Christopher shook his head. "Oh, the logic is sound, but still, three WarShips? I bid two. Hawk Eye and Emerald Tornado, and the DropShips of Kerensky's Pride in addition to my own, but Pride takes no part other than as taxi-service."
"I bid Emerald Tornado," Dorothy said softly. "Four Titans, a Sassinid, and a Broadsword. Kerensky's Pride and Hawk Eye can deliver the DropShips."
"Four Titans?" Orbil asked. "Do you plan to fight, or to let your flight crews do all the work?"

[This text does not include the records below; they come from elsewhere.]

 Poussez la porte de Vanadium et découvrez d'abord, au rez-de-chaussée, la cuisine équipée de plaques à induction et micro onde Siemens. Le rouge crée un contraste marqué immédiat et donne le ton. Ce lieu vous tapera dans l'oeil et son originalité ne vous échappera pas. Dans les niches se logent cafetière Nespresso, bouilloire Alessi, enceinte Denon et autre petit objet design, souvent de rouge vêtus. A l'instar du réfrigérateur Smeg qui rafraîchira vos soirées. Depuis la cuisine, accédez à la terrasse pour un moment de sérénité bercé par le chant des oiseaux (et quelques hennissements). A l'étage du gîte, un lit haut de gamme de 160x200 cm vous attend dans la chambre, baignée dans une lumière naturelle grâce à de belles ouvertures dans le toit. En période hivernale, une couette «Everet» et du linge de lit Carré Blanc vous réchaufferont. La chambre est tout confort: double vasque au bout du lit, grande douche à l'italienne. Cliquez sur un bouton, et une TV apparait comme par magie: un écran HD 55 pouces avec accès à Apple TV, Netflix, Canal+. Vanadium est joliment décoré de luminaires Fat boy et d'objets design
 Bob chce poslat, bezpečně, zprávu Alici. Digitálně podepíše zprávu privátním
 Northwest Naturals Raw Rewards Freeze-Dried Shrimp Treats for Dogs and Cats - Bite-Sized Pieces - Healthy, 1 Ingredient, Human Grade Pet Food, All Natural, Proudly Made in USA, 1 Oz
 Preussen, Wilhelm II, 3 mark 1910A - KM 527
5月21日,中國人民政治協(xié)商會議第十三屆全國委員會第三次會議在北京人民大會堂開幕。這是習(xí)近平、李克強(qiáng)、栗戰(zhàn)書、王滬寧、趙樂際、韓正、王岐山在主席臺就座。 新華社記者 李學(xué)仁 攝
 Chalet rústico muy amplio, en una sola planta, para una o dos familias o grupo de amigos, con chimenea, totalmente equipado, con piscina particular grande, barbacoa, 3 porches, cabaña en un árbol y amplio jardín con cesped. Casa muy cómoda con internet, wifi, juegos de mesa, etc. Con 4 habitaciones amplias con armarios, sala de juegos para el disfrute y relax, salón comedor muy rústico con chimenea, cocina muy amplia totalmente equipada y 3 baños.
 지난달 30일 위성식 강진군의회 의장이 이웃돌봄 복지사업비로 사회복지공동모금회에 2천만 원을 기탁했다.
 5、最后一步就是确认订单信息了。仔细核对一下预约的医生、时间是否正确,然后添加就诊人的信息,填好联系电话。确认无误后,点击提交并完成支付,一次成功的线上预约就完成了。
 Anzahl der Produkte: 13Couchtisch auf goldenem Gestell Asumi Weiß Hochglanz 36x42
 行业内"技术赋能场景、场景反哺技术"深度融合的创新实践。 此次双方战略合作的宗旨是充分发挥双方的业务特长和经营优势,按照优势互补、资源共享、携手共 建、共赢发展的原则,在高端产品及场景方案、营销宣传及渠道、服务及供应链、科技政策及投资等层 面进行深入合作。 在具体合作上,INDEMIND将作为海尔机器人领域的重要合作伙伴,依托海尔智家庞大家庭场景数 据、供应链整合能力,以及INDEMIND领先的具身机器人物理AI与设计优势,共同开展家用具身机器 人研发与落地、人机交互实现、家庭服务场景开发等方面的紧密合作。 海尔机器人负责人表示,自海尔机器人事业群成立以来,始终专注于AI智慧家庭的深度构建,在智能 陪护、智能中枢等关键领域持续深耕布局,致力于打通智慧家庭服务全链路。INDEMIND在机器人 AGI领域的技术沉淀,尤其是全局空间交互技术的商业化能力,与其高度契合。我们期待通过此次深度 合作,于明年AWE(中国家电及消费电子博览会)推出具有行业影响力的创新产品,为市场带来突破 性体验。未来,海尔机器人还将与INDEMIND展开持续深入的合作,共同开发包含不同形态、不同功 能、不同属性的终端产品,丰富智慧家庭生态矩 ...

"Do you plan to put your guns ahead of your mouth?"
Orbil started to reply, likely with a bid of his own, but before he could Sami Folkner interjected.
"One WarShip." she paused for effect, daring Orbil to interrupt her bid, and when he held back she turned to Adrian. "Hawker will take this system with its own DropShips."
Adrian nodded slowly. It was below the cutdown, but only just with a lighter DropShip presence in trade of the heavier WarShip. The two smaller Carrier-class DropShips had a fighter binary between them in contrast to the fighter trinary carried by the larger Titan-class, and Hawker had a fighter binary unlike the fighter stars on the smaller destroyer and frigate. And while the Clans did not generally use DropShips as combatants, the additional hull would give her some additional flexibility.
It was a good bid. It would go onto her codex below the cutdown, but in terms of actual combat capability it was at or perhaps just above. And if the other commanders wanted to out-bid her, they could only do so by bidding well below the cutdown.
"Will there be any other bids?" Adrian asked.
Weber-Gale scowled and crossed her arms. Orbil merely snorted and shook his head.
"Bargained well and done, then. Congratulations, Star Commodore Sami Folkner, the right to affect the conquest of this system is yours."